Greece buyback puts debt at 34% of its value

  • 12 December 2012
  • From the section Business
Demonstrators against state lay-offs on 3 December
Image caption Along with spending cuts, reducing debt was one of the conditions of Greece's latest bailout

Greece has managed to buy back some of its debt, but did not succeed in reducing its total debt by as much as its backers had hoped.

Holders of Greek debt agreed to sell 31.9bn euros of bonds back to the country at 33.8% of their face value, Greece's debt management agency said.

After 11bn euros is spent on the purchase, the country will be writing off about 20bn euros of debt.

The buyback was a condition of Greece getting more of its bailout cash.

The French finance minister Pierre Moscovici said the "satisfactory" results of the auction should mean the funds are released later this week.

Greece has been waiting since June for the loans, to help its heavily indebted economy stay afloat.

The investors will be paid in six-month bonds from the eurozone's EFSF rescue fund.

Target missed

The buyback called for 30bn euros to be repurchased - with the eurozone having set aside 10bn euros in funding to buy back the bonds and reduce Greece's overall debt load.

But Athens said it needed 11.29bn euros from the rescue fund - meaning the 17 nations behind the euro will have to cough up 1.29bn euros more.

The International Monetary Fund had said that Greece must successfully complete a buyback of its own debt to get its next round of bailout cash, worth about 44bn euros, on 13 December.

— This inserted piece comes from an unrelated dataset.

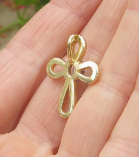 1/2 carat Real Tanzanite Cross in 14k yellow gold Natural Tanzanite Solitaire Cross Necklace in 14k yellow gold for sale Tanzanite Cross Pendant Necklace in 14k yellow gold

At the last meeting of Greece's bailout lenders, it was agreed to grant Greece a two-year delay in the speed of spending cuts, in order to take some of the pressure off the country's heavily-depressed economy.

However, the extension inevitably meant the Greek government would be overspending for longer and would therefore run up bigger debts than previously anticipated.

This prompted an objection from the IMF, which made clear that it could not lend money to a government whose debts it considered ultimately unlikely to be paid back.

The IMF's litmus test, laid down as a condition of Greece's latest bailout, is that the government's debts should fall to 124% of the country's annual economic output by 2020.

Private creditors had already agreed in March - for Greece's second bailout - to write off about 107bn euros of government debt. Many banks and insurance companies had officially given up hope of receiving any of the rest of their money back.